_EXERCISE OBJECTIVE:_
For this exercise, transcribe every line of the material exactly and skip the pictures.

_INFORMATION:_
--------------------
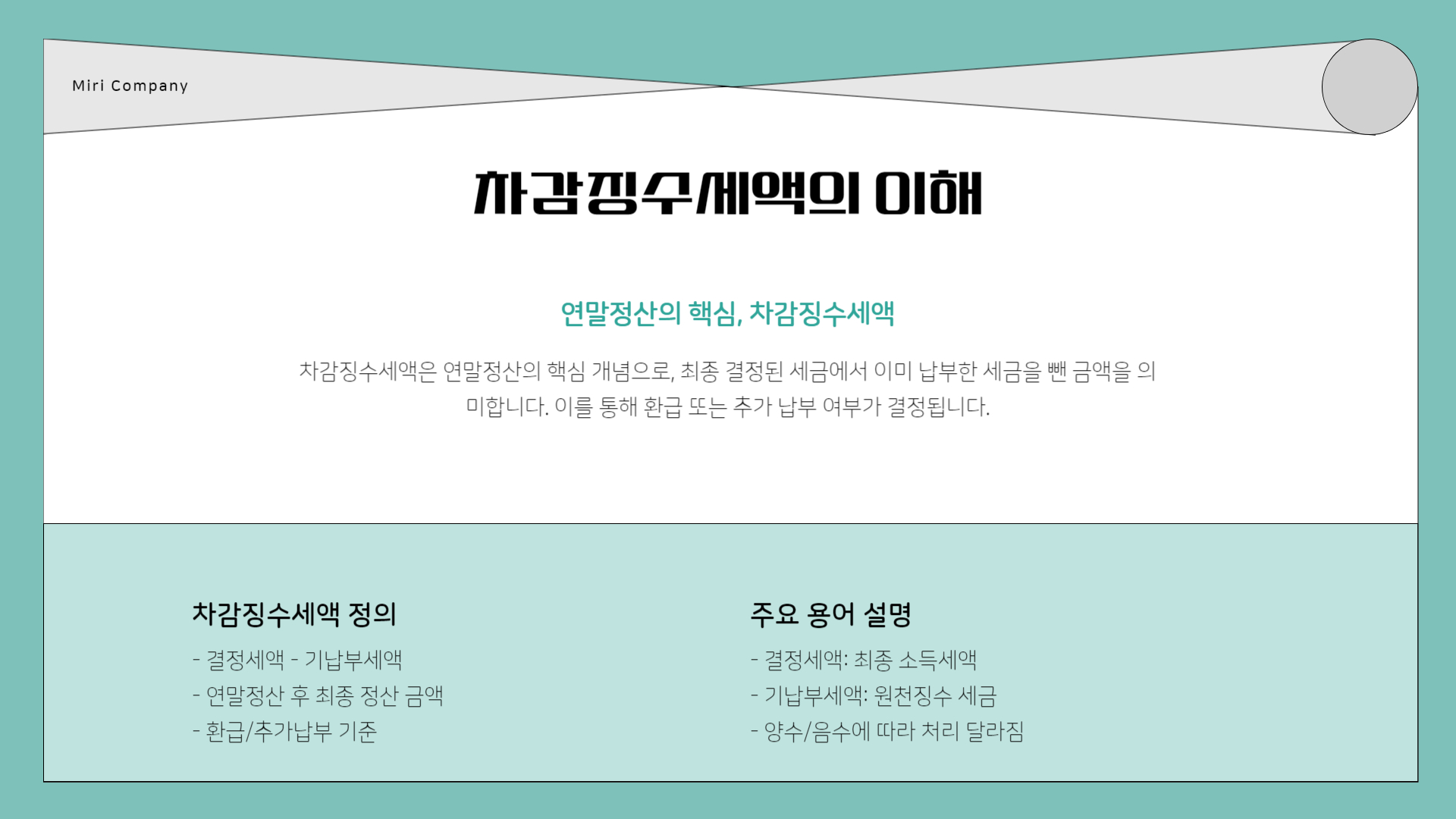 매년 초가 되면 직장인들에게 중요한 일정이 하나 있습니다. 바로 연말정산입니다. 많은 사람들이 연말정산을 통해 세금 환급을 기대하지만, 일부는 예상과 다른 결과를 받아 당황하기도 합니다. 특히, 차감징수세액이라는 용어를 처음 접하는 경우 이해하기 어려울 수 있습니다. 이번 글에서는 연말정산의 기본 개념과 함께 차감징수세액이 무엇인지, 환급금 조회 방법까지 쉽게 정리해보겠습니다.
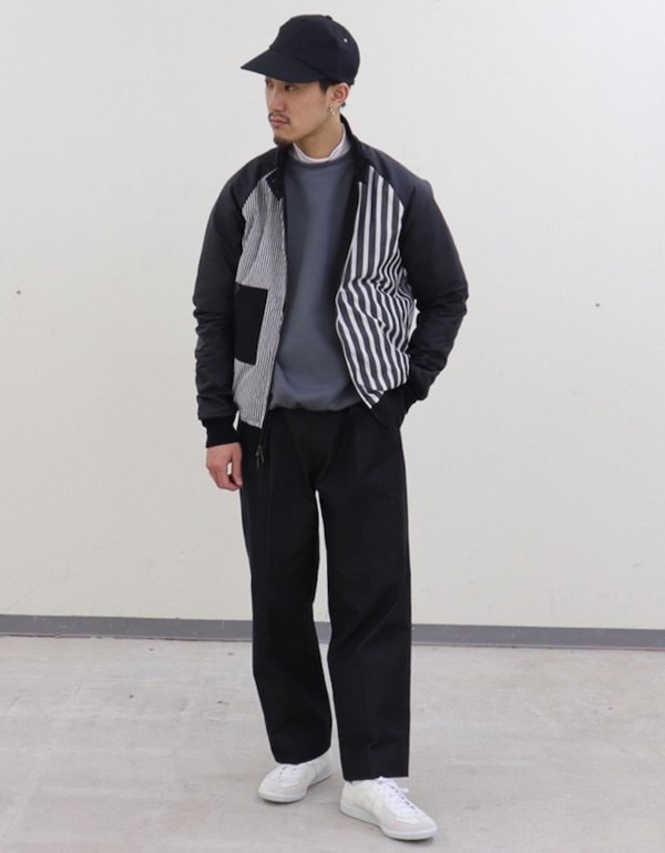 提案してくれたエディフィス京都店のスタッフさんの実際の着用画像がこちら。ブラック基調でまとめたコーディネートがクールですね。足元にはホワイトのジャーマントレーナーをチョイスしているのも技ありです。
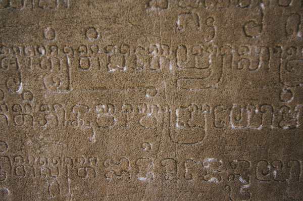 Caption: Ta Keo: Khmer inscriptions in the doorway
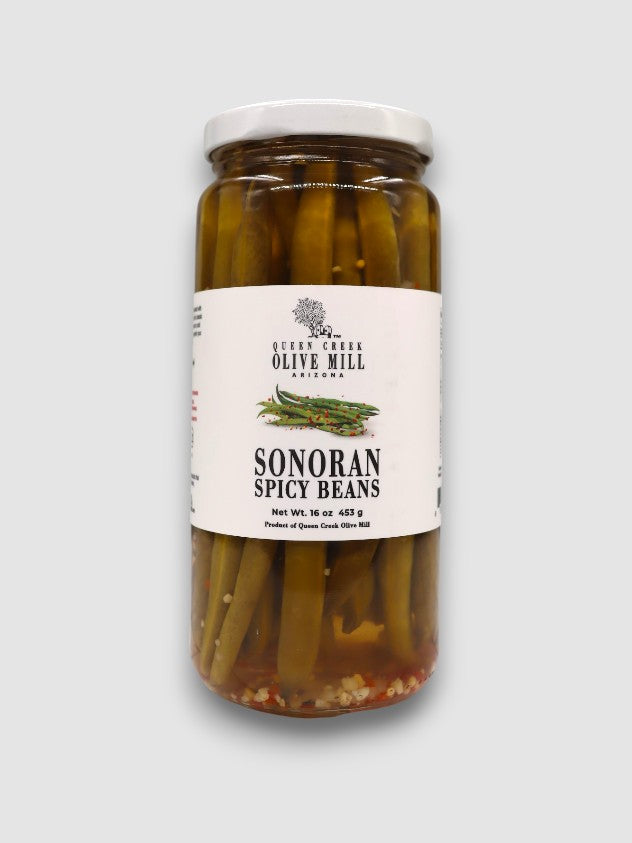 Fresh green beans are marinated in a spicy, pickle-y brine, which helps to maintain their crispness and beautiful *crunch*. Our Sonoran Spicy Beans are intensely flavorful, and are sure to become the star of your next charcuterie board or cocktail--Bloodys and Caesars alike!
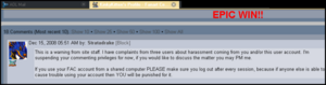 That plan drastically failed as well when two of the members notified the chief commander, Stratadrake, and informed him of KinkyFucktard's bullshit. He whipped out his secret weapon and suspended her account, thus resulting in the victory over evil for the FAC members.
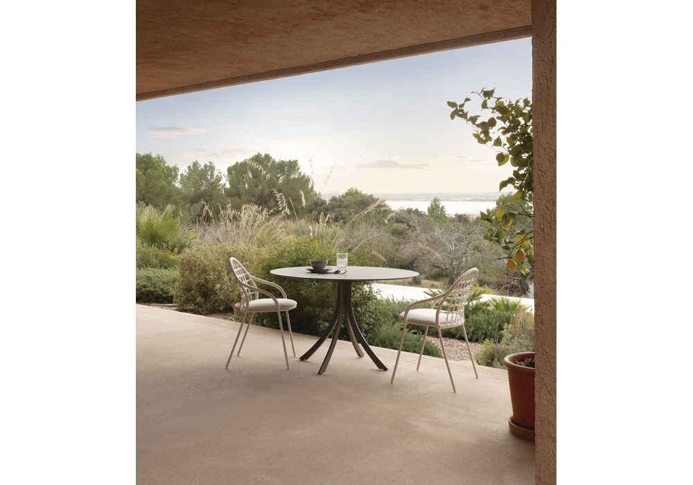 Petale von MUT Design für Expormim entworfen, ist ein Outdoor-Stuhl mit Struktur aus Edelstahlrohr und handgeflochtener Rückenlehne aus hochfestem Seil. Erhältlich in verschiedenen Ausführungen und in der Version mit oder ohne Armlehnen.
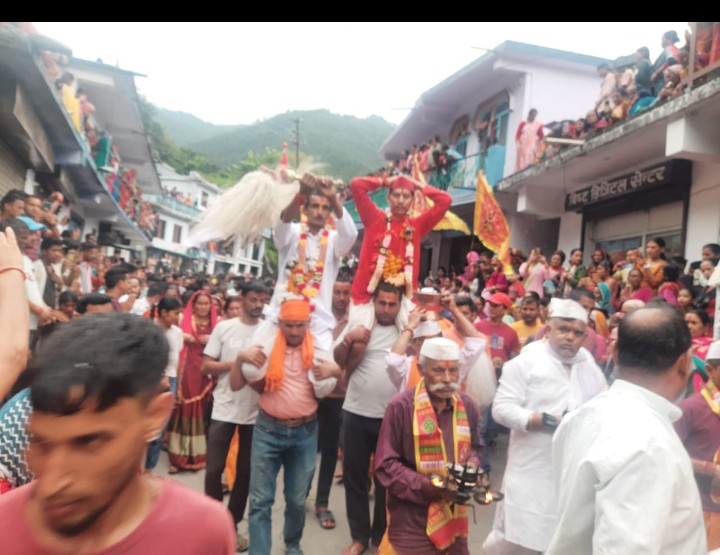 अपराह्न श्रद्धालु पोथिंग गांव से आए भगवती माता औऱ लाटू देवता के डंगरियों में भीम सिंह दानू औऱ खुशहाल सिंह कन्याल के स्वागत के लिए ढोल नगाड़ों के साथ पुल बाजार गएl यहां उन्होंने डंगरियों को तिलक लगाया, माला पहनाने के बाद आरती उतारी, जौ के दानों से पूजा करते ही उनमें आदि शक्ति भगवती माता औऱ लाटू देवता का अवतार हो गयाl देव डांगरों ने लोगों ने श्रद्धालुओं को आशीर्वाद दियाl इसके बाद श्रद्धालुओं ने दोनों देव डांगरों को अपने कंधों पर बैठाकर क़र भव्य शोभायात्रा निकालीl जिन जिन जगहों से होकर शोभायात्रा गुजरी वहां श्रद्धालुओं ने घरों की छतों औऱ खिड़कियों पर खडेन. देव डांगरों के ऊपर फूल औऱ चावल अर्पित क़र पूजा कीl मंदिर पहुंचने पर महा आरती हुईl देव डांगरों ने लोगों को आशीर्वाद दियाl व्यवस्थापक नवीन कपकोटी के अनुसार बुधवार को नंदा माई की मूर्ति को गाजे बाजे के साथ नंदा माई के मंदिर ले जाई जाएगीl वहां सुबह से पूजा पाठ होंगेl नंदा माई की विदाई के भंडारा शुरू होगा उन्होंने भंडारे में सभी से भंडारे में बढ़चढ़कर शामिल होने की अपील की हैl वहां कमेटी के अध्यक्ष डॉ. राजेंद्र सिंह कपकोटी, ग्राम प्रधान सीता कपकोटी, बीडीसी सदस्य विमला देवी, पुजारी भूपाल कपकोटी, गोविंद कपकोटी, पूर्व ग्राम प्रधान गणेश चंद्र उपाध्याय, पूर्व बीडीसी सदस्य चंद्र कपकोटी, नवीन कपकोटी, महिमन कपकोटी, तारा कपकोटी, जमन बिष्ट, हरीश बिष्ट, राम चंद्र जोशी, गिरीश जोशी, तनुज तिरुवा, दरबान, हिम्मत, श्याम, गोपाल, नरेंद्र, गजेंद्र, बिशन, राजू, मनीष, हीरा, लक्ष्मण कपकोटी, दीवान बिष्ट, डॉ. भूपाल कपकोटी थेl
--------------------
_ANSWER TO THE PROBLEM:_
 매년 초가 되면 직장인들에게 중요한 일정이 하나 있습니다. 바로 연말정산입니다. 많은 사람들이 연말정산을 통해 세금 환급을 기대하지만, 일부는 예상과 다른 결과를 받아 당황하기도 합니다. 특히, 차감징수세액이라는 용어를 처음 접하는 경우 이해하기 어려울 수 있습니다. 이번 글에서는 연말정산의 기본 개념과 함께 차감징수세액이 무엇인지, 환급금 조회 방법까지 쉽게 정리해보겠습니다.
 提案してくれたエディフィス京都店のスタッフさんの実際の着用画像がこちら。ブラック基調でまとめたコーディネートがクールですね。足元にはホワイトのジャーマントレーナーをチョイスしているのも技ありです。
 Caption: Ta Keo: Khmer inscriptions in the doorway
 Fresh green beans are marinated in a spicy, pickle-y brine, which helps to maintain their crispness and beautiful *crunch*. Our Sonoran Spicy Beans are intensely flavorful, and are sure to become the star of your next charcuterie board or cocktail--Bloodys and Caesars alike!
 That plan drastically failed as well when two of the members notified the chief commander, Stratadrake, and informed him of KinkyFucktard's bullshit. He whipped out his secret weapon and suspended her account, thus resulting in the victory over evil for the FAC members.
 Petale von MUT Design für Expormim entworfen, ist ein Outdoor-Stuhl mit Struktur aus Edelstahlrohr und handgeflochtener Rückenlehne aus hochfestem Seil. Erhältlich in verschiedenen Ausführungen und in der Version mit oder ohne Armlehnen.
 अपराह्न श्रद्धालु पोथिंग गांव से आए भगवती माता औऱ लाटू देवता के डंगरियों में भीम सिंह दानू औऱ खुशहाल सिंह कन्याल के स्वागत के लिए ढोल नगाड़ों के साथ पुल बाजार गएl यहां उन्होंने डंगरियों को तिलक लगाया, माला पहनाने के बाद आरती उतारी, जौ के दानों से पूजा करते ही उनमें आदि शक्ति भगवती माता औऱ लाटू देवता का अवतार हो गयाl देव डांगरों ने लोगों ने श्रद्धालुओं को आशीर्वाद दियाl इसके बाद श्रद्धालुओं ने दोनों देव डांगरों को अपने कंधों पर बैठाकर क़र भव्य शोभायात्रा निकालीl जिन जिन जगहों से होकर शोभायात्रा गुजरी वहां श्रद्धालुओं ने घरों की छतों औऱ खिड़कियों पर खडेन. देव डांगरों के ऊपर फूल औऱ चावल अर्पित क़र पूजा कीl मंदिर पहुंचने पर महा आरती हुईl देव डांगरों ने लोगों को आशीर्वाद दियाl व्यवस्थापक नवीन कपकोटी के अनुसार बुधवार को नंदा माई की मूर्ति को गाजे बाजे के साथ नंदा माई के मंदिर ले जाई जाएगीl वहां सुबह से पूजा पाठ होंगेl नंदा माई की विदाई के भंडारा शुरू होगा उन्होंने भंडारे में सभी से भंडारे में बढ़चढ़कर शामिल होने की अपील की हैl वहां कमेटी के अध्यक्ष डॉ. राजेंद्र सिंह कपकोटी, ग्राम प्रधान सीता कपकोटी, बीडीसी सदस्य विमला देवी, पुजारी भूपाल कपकोटी, गोविंद कपकोटी, पूर्व ग्राम प्रधान गणेश चंद्र उपाध्याय, पूर्व बीडीसी सदस्य चंद्र कपकोटी, नवीन कपकोटी, महिमन कपकोटी, तारा कपकोटी, जमन बिष्ट, हरीश बिष्ट, राम चंद्र जोशी, गिरीश जोशी, तनुज तिरुवा, दरबान, हिम्मत, श्याम, गोपाल, नरेंद्र, गजेंद्र, बिशन, राजू, मनीष, हीरा, लक्ष्मण कपकोटी, दीवान बिष्ट, डॉ. भूपाल कपकोटी थेl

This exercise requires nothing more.